WARNING:tensorflow:Gradients do not exist for variables ['conv1_1/bias:0', 'conv1_2/bias:0', 'conv2_1/bias:0', 'conv2_2/bias:0', 'conv3_1/bias:0', 'conv3_2/bias:0', 'conv3_3/bias:0', 'conv4_1/bias:0', 'conv4_2/bias:0', 'conv4_3/bias:0', 'conv5_1/bias:0', 'conv5_2/bias:0', 'conv5_3/bias:0', 'fc6/bias:0', 'fc7/bias:0', 'conv6_1/bias:0', 'conv6_2/bias:0', 'conv7_1/bias:0', 'conv7_2/bias:0', 'conv8_1/bias:0', 'conv8_2/bias:0', 'conv9_1/bias:0', 'conv4_3_norm/conv4_3_norm_gamma:0', 'conv9_2/bias:0', 'conv4_3_norm_mbox_conf/bias:0', 'fc7_mbox_conf/bias:0', 'conv6_2_mbox_conf/bias:0', 'conv7_2_mbox_conf/bias:0', 'conv8_2_mbox_conf/bias:0', 'conv9_2_mbox_conf/bias:0', 'conv4_3_norm_mbox_loc/bias:0', 'fc7_mbox_loc/bias:0', 'conv6_2_mbox_loc/bias:0', 'conv7_2_mbox_loc/bias:0', 'conv8_2_mbox_loc/bias:0', 'conv9_2_mbox_loc/bias:0'] when minimizing the loss.

This suggests that no training is happening. I guess I will have to use the same versions you have. I get no predictions at all. Do you get this warning?

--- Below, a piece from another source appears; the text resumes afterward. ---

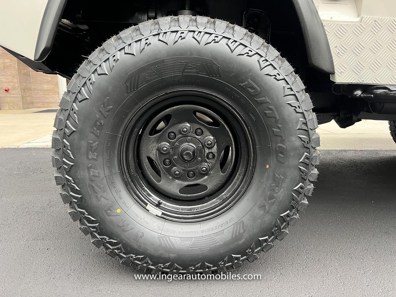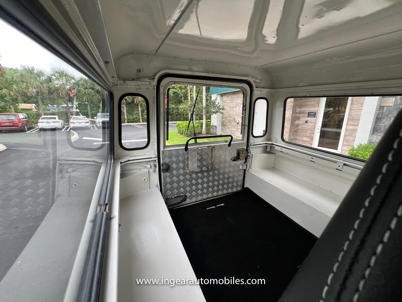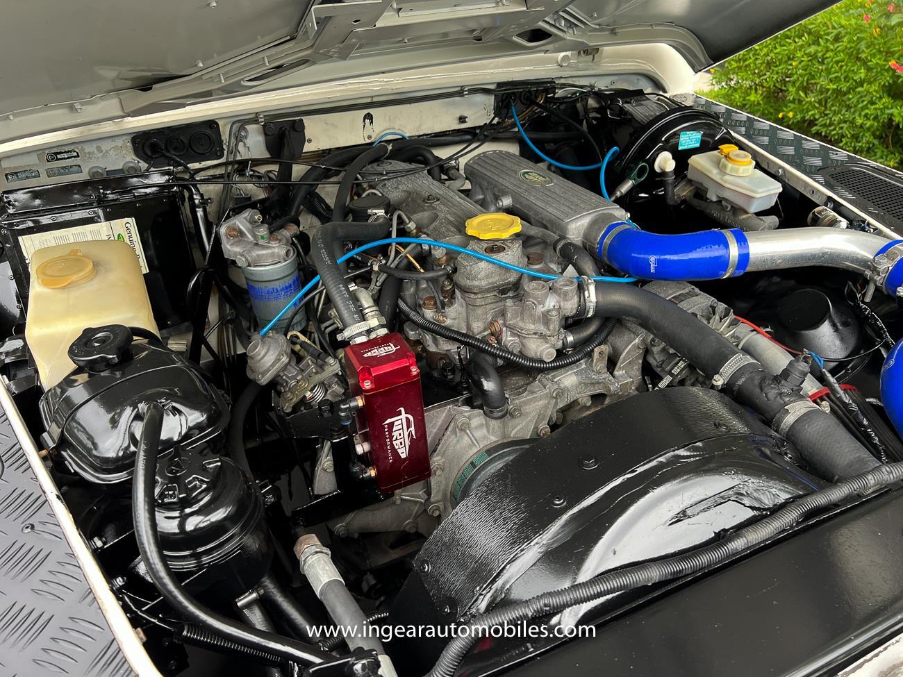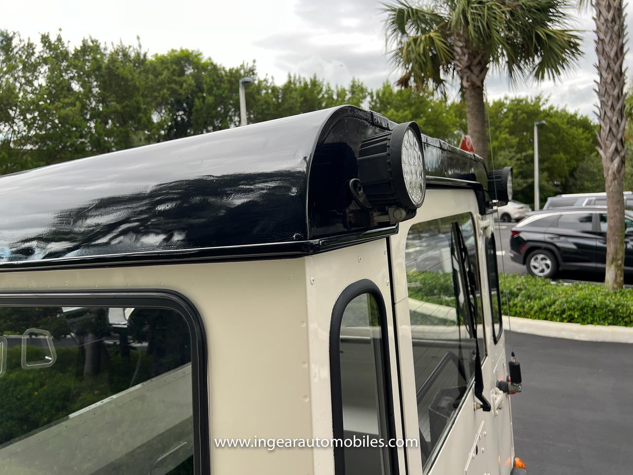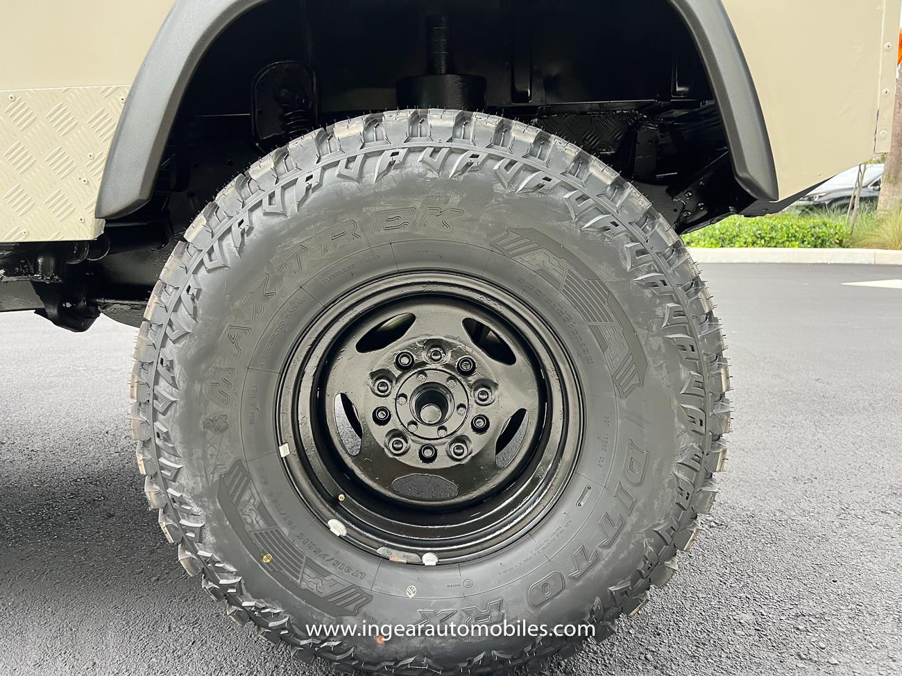 The Interior is nice and contrast well to the exterior white safari paint, newer seats has been fitted, and tastefully done. Momo steering wheel. Has it’s normal wear and tear like any vehicle, but very solid Land Rover, and as you can see it received a restoration by the previous owner. Painted black roof. The engine swap alone to a 200tdi can run over $10,000 easily. Make sure to see my full album of pictures.

Ezzysci · 2020-11-07T01:42:02Z

@hiren-2911 I'm sorry I didn't reply earlier, I was busy with a lot of work. I just came back to this project today. My apologies.

hiren-2911 · 2020-11-07T13:21:06Z

@Ezzysci
Its okay!

Yeah i used to get those warnings earlier, but when i started using the versions which i mentioned, the warnings vanished.

Ezzysci · 2020-11-10T01:43:48Z

@hiren-2911 which tensorflow version are you using. I know you're using tensorflow-gpu 1.15 but which tensor flow are you using. I'm getting errors now after I downgraded the keras.

Ezzysci · 2020-11-10T01:50:50Z

I'm using python 3.8 and the latest tensorflow. I downgraded the keras version and it no longer works. It looks like it's not compatible with the latest tensorflow.

hiren-2911 · 2020-11-10T04:58:11Z

@Ezzysci i have mentioned that use tensorflow-gpu==1.15

DoraemonSlayer69 · 2020-11-27T19:58:01Z

WARNING:tensorflow:Gradients do not exist for variables ['conv2d/kernel:0', 'conv2d/bias:0', 'conv2d_1/kernel:0', 'conv2d_1/bias:0', 'conv2d_2/kernel:0', 'conv2d_2/bias:0', 'conv2d_3/kernel:0', 'conv2d_3/bias:0', 'conv2d_4/kernel:0', 'conv2d_4/bias:0', 'conv2d_5/kernel:0', 'conv2d_5/bias:0', 'classes1/bias:0', 'classes2/bias:0', 'classes3/bias:0', 'classes4/bias:0', 'classes5/bias:0', 'classes6/bias:0', 'boxes1/bias:0', 'boxes2/bias:0', 'boxes3/bias:0', 'boxes4/bias:0', 'boxes5/bias:0', 'boxes6/bias:0'] when minimizing the loss.
WARNING:tensorflow:Gradients do not exist for variables ['conv2d/kernel:0', 'conv2d/bias:0', 'conv2d_1/kernel:0', 'conv2d_1/bias:0', 'conv2d_2/kernel:0', 'conv2d_2/bias:0', 'conv2d_3/kernel:0', 'conv2d_3/bias:0', 'conv2d_4/kernel:0', 'conv2d_4/bias:0', 'conv2d_5/kernel:0', 'conv2d_5/bias:0', 'classes1/bias:0', 'classes2/bias:0', 'classes3/bias:0', 'classes4/bias:0', 'classes5/bias:0', 'classes6/bias:0', 'boxes1/bias:0', 'boxes2/bias:0', 'boxes3/bias:0', 'boxes4/bias:0', 'boxes5/bias:0', 'boxes6/bias:0'] when minimizing the loss.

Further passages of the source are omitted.